Von den achtzehn Nestern waren bei unserem Besuch noch zwei Nester besetzt, aber auch diese Bewohner sind dabei, sich auf die große Reise in den Süden Anfang Oktober vorzubereiten. Und die Trappes freuen sich jetzt schon auf Ostern 2023, wenn die ganze Mannschaft wieder in das schwalbenfreundliche Haus einfliegt.
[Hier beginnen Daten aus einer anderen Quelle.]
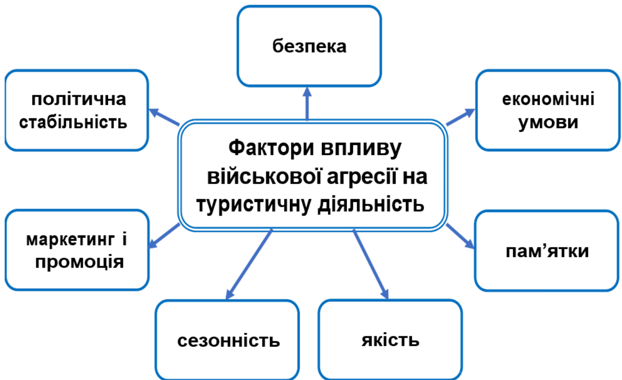
Рисунок 3.1. Ключові фактори впливу агресії військових на туристичну діяльність в регіонах України, які постраждали

Україна служить коридором для міграції птахів на трьох основних шляхах: Азово-Чорноморському (південному коридорі), Поліському (північному коридорі) та Дніпровському меридіанному міграційному шляху. це становить велике значення для водоплавних та прибережних птахів, таких як гуси, качки, гагари, кулики, мартини, крячки та інші.

Rauchschwalben sind von den auch bei uns vorhandenen kleineren Mehlschwalben gut zu unterscheiden, weil sie einen längeren und stärker gegabelten Schwanz haben, dazu sind sie etwas farbenfroher als die Mehlschwalben und deutlich größer. Da Rauchschwalben in größeren Höhen als Mehlschwalben nach Insekten jagen, kommen die beiden Arten sich nicht ins Gehege.

 

Ulrich Kamp, NABU Ostvest, 17.09.20221

 

Weitere Informationen? Sie haben Schwalben und wollen sich ebenfalls bewerben? Sehr gern hier ...

 

Die große Reise

Die große reise in den Süden steht bevor. Es ist August, die Störche formieren sich schon für die anstehende Reise in die Winterquartiere, einzelne Reisegruppen haben sich wohl schon getroffen.

 

Foto: Wolfgang Gerhardus auf einem Feld nahe Horneburg.

 

 

 

Bewohner unserer Teiche

Teich Nr. 2 - das ist der obere, ist fast ganz verkrautet. Aber Frösche und Kleinlibellen sind da. Teich Nr., 1, das ist der untere, war interessanter. Dort ist noch ein relativ großer Fisch unterwegs, dem beim Trockenfallen aber direkt das Ende drohen würde. Dazu war dort eine große Königslibelle, habe ich sonst nirgendwo gesehen. Im Internet ist beschrieben, dass es unsere größte Großlibelle ist, die dort, wo sie lebt, keine anderen Großlibellen duldet. Ich hatte ein Weibchen bei der Eiablage, erst wild über dem Teich unterwegs, dann ca. 2 Sekunden auf einem Holzstück zwecks Eiablage. Zwei Bilder, beide "Mist", Libelle aber erkennbar, also nochmal hin, mal sehen ... Lebensdauer der Libelle sechs bis acht Wochen, das Weibchen besucht den Teich aber nur zur Paarung oder wie jetzt gesehen zur Eiablage.

 

 

Im Internet schrieb ein Fotograf aus Sachsen, er wäre seit 20 Jahren wegen einer schönen Aufnahme hinter der Königslibelle her ... bisher erfolglos. Kann ich jetzt verstehen, die Libelle ist sehr unruhig - und sehr beweglich.

 

Fotos und Text: Ulrich Kamp

 

 

 

Kiebitze

Die Kiebitze waren wieder da. Meine Frau und ich sind den kleinen Weg vom Storchennest zur Unterführung Richtung Dahlstr. gegangen, dabei wurden wir mehrere Male direkt angeflogen, daher relativ brauchbare Aufnahmen. Ich hatte den Verdacht, dass mindestens eine Brut in der Nähe des Weges im Möhrenfeld geplant war, weil die Vögel da oft auf der Erde saßen und uns offensichtlich verscheuchen wollten. Eine gute Idee so in unmittelbarer Nähe des Storchennestes fand ich das aber nicht, weil die Störche diese Felder in ihrer Nähe ganz intensiv absuchen und bejagen. Vorgestern z. B. war es dann mit der Pracht vorbei, die Kiebitze waren nicht mehr zu sehen.

 

Ich habe vorgestern am Storchennest die Fotografin Martina Schurink mit Ehemann getroffen, unterwegs mit schwerem Gerät, Kamera und Sitzgelegenheiten. Da ich die Störche alle nicht mehr im Horst gesehen habe, dafür aber direkt am Bollerhof auf den Dächern der Scheunen, hatte ich einen Verdacht, den Martina Schurink bestätigte. Boller füttert mindestens abends massiv "zu". Das wollte sie aufnehmen. Mir war schon vorher nicht klar, wovon sich zwei erwachsene und vier sich demnächst auf die erste Reise gen Süden begebenden Jungstörche dort ernähren wollen, von daher gibt die Maßnahme zuzufüttern einen Sinn.

 

Ob das aber im Sinne des Naturschutzes ist, einen Storch mit dem Sitz anzulocken und dann zu füttern wie in einem Zoo, würde ich bezweifeln. Die Störche sind m. E. massiv abhängig von der Zufütterung durch den Mensch, zumindest wenn sie Jungvögel haben.